What needs to be done:
Exclude the pictures, then repeat exactly each line from the one containing "A TAHITIAN PEARL" to the final line of the records that follow.
◇ ◇ ◇ ◇ ◇
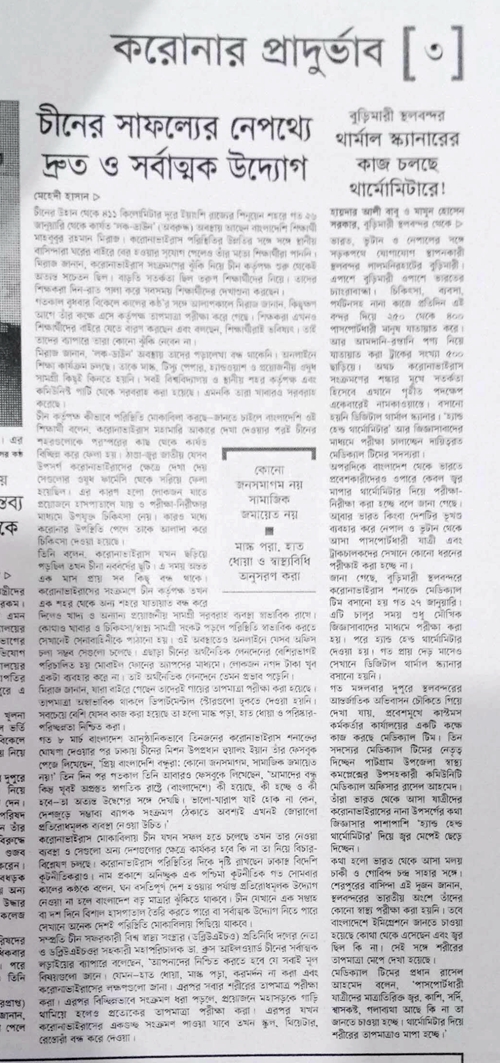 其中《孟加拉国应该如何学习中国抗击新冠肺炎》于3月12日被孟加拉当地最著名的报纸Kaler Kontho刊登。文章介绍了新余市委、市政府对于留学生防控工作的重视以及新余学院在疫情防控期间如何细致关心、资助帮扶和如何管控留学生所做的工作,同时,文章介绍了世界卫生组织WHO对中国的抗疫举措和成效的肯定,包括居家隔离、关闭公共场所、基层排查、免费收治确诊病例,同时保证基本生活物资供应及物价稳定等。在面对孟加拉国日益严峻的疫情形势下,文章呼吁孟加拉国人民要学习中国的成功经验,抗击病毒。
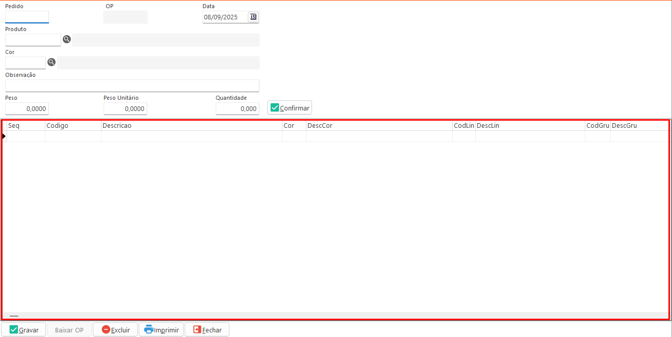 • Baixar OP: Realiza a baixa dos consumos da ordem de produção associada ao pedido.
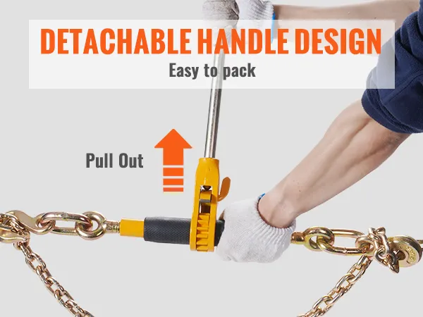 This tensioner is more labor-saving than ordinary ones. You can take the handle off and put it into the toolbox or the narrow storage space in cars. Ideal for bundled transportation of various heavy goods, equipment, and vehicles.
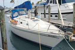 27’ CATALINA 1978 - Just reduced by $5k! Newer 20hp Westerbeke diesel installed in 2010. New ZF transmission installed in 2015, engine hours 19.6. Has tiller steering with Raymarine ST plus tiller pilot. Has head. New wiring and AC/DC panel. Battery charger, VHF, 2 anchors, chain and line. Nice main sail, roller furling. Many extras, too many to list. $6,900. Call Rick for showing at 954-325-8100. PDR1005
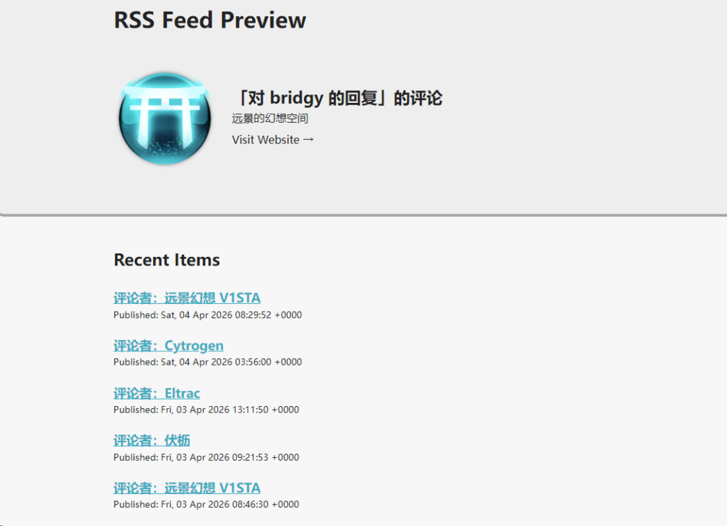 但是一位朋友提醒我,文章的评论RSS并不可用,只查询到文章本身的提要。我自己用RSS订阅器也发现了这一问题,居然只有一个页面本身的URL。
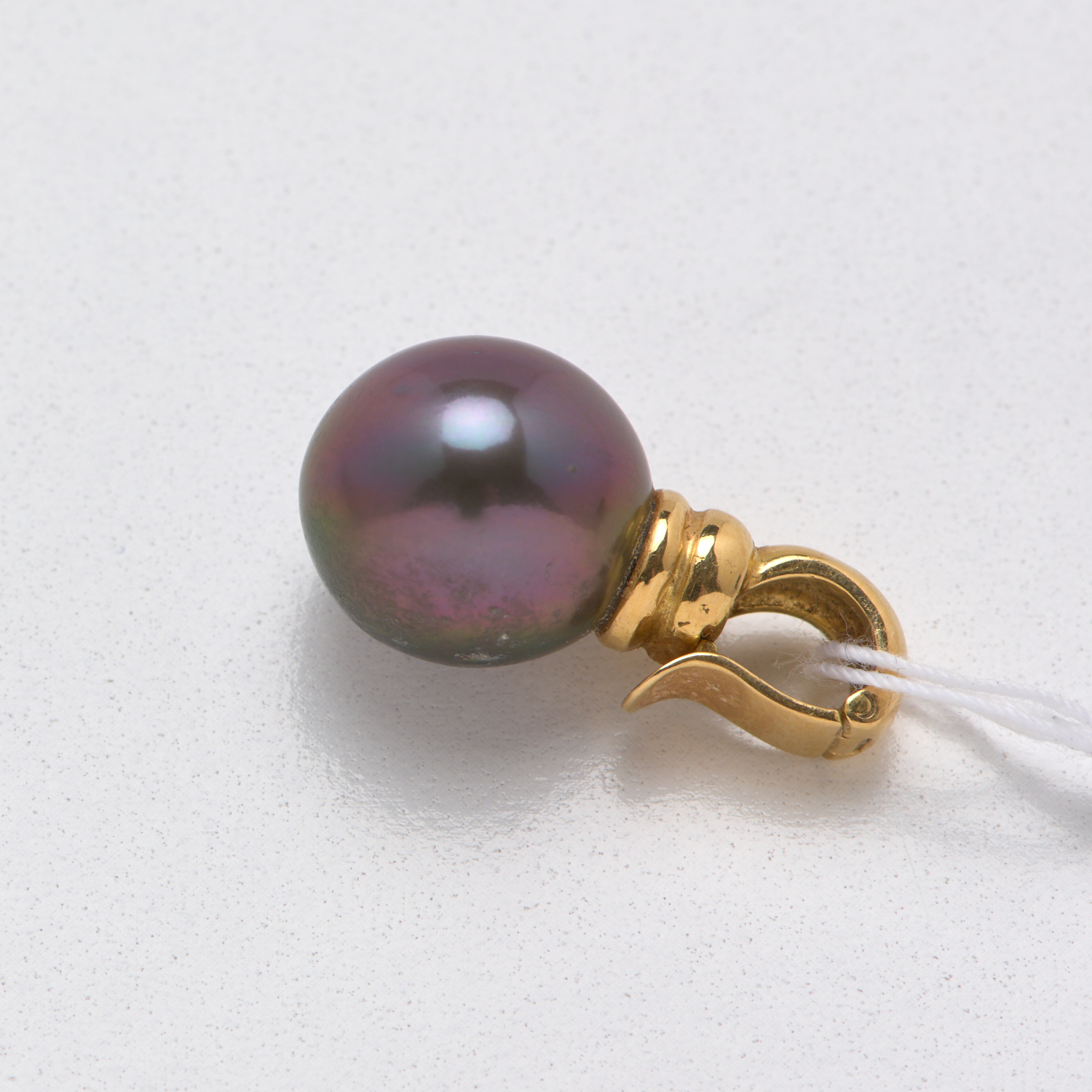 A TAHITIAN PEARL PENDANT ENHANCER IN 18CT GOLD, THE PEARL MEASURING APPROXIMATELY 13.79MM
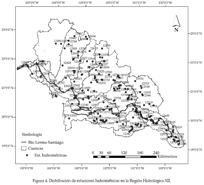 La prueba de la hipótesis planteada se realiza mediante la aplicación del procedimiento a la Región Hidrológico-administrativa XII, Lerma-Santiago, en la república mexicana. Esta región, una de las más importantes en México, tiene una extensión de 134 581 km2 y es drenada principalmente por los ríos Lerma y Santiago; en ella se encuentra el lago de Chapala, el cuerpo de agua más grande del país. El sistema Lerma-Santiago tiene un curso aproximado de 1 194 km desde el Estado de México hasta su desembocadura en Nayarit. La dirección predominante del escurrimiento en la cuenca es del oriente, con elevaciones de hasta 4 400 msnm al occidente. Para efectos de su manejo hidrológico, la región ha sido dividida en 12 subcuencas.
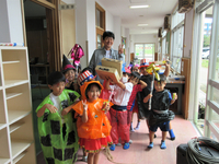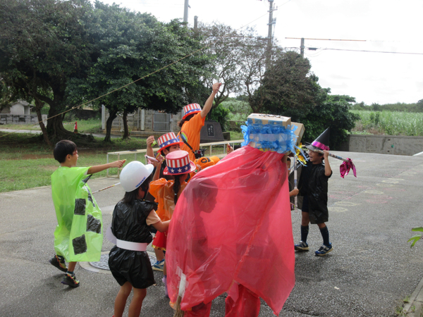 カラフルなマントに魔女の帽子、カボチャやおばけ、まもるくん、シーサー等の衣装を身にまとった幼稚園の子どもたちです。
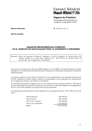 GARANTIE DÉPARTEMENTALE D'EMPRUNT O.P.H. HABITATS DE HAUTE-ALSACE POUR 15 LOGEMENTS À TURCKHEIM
◇ ◇ ◇ ◇ ◇
Result of this exercise:
 A TAHITIAN PEARL PENDANT ENHANCER IN 18CT GOLD, THE PEARL MEASURING APPROXIMATELY 13.79MM
 La prueba de la hipótesis planteada se realiza mediante la aplicación del procedimiento a la Región Hidrológico-administrativa XII, Lerma-Santiago, en la república mexicana. Esta región, una de las más importantes en México, tiene una extensión de 134 581 km2 y es drenada principalmente por los ríos Lerma y Santiago; en ella se encuentra el lago de Chapala, el cuerpo de agua más grande del país. El sistema Lerma-Santiago tiene un curso aproximado de 1 194 km desde el Estado de México hasta su desembocadura en Nayarit. La dirección predominante del escurrimiento en la cuenca es del oriente, con elevaciones de hasta 4 400 msnm al occidente. Para efectos de su manejo hidrológico, la región ha sido dividida en 12 subcuencas.
 カラフルなマントに魔女の帽子、カボチャやおばけ、まもるくん、シーサー等の衣装を身にまとった幼稚園の子どもたちです。
 GARANTIE DÉPARTEMENTALE D'EMPRUNT O.P.H. HABITATS DE HAUTE-ALSACE POUR 15 LOGEMENTS À TURCKHEIM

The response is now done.